Archival of process control data is paramount to tracking of process performance and troubleshooting of issues with the process plant. Modbus is used heavily to acquire process data via the use of Human Machine Interfaces (HMIs). HMI's typically have the ability to not only read real-time data but also to archive that data for further analysis. A frequent drawback of HMIs is that archived data is usually stored in a proprietary format, which can make porting data to other system for further analysis problematic.

This course details the use of the Winlog Lite HMI in archiving process data directly to a Microsoft Access database as well as a Microsoft Excel workbook. By being able to do this type of archival, porting of data becomes much easier and faster. 
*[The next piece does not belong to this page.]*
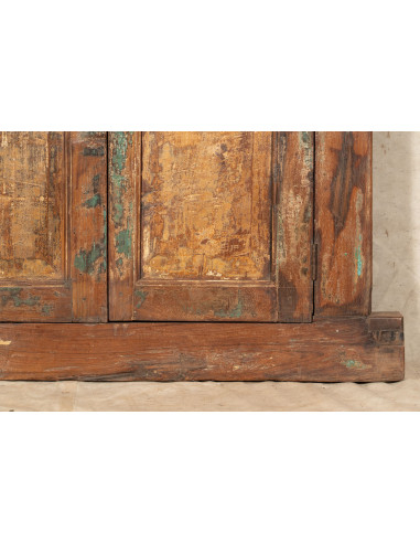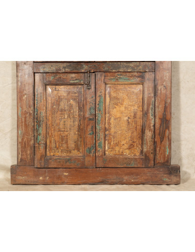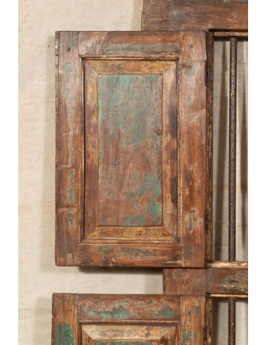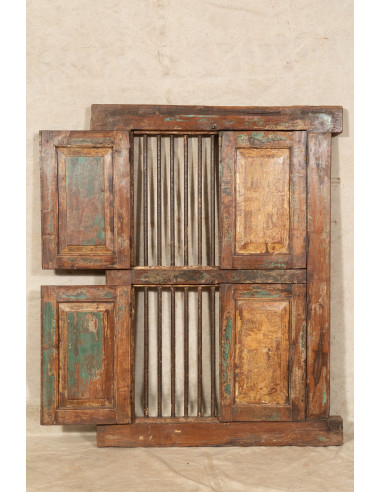 Porte en bois massif et grille de fenêtre en fer ancien avec cadre intérieur ou extérieur

The course uses a Modbus slave simulator from which the HMI acquires a single data point which is deemed a line pressure. The HMI is then configured to have this data point archived every 10 seconds a Microsoft Access database as well as a Microsoft Excel file. Structured Query Language (SQL) is introduced to the student as well as an example of HMI scripting.

The course is very practical and the student can perform all tasks that are shown in the videos. In fact, throughout the course, students are strongly encouraged to do all that is show in the videos for maximum learning effect.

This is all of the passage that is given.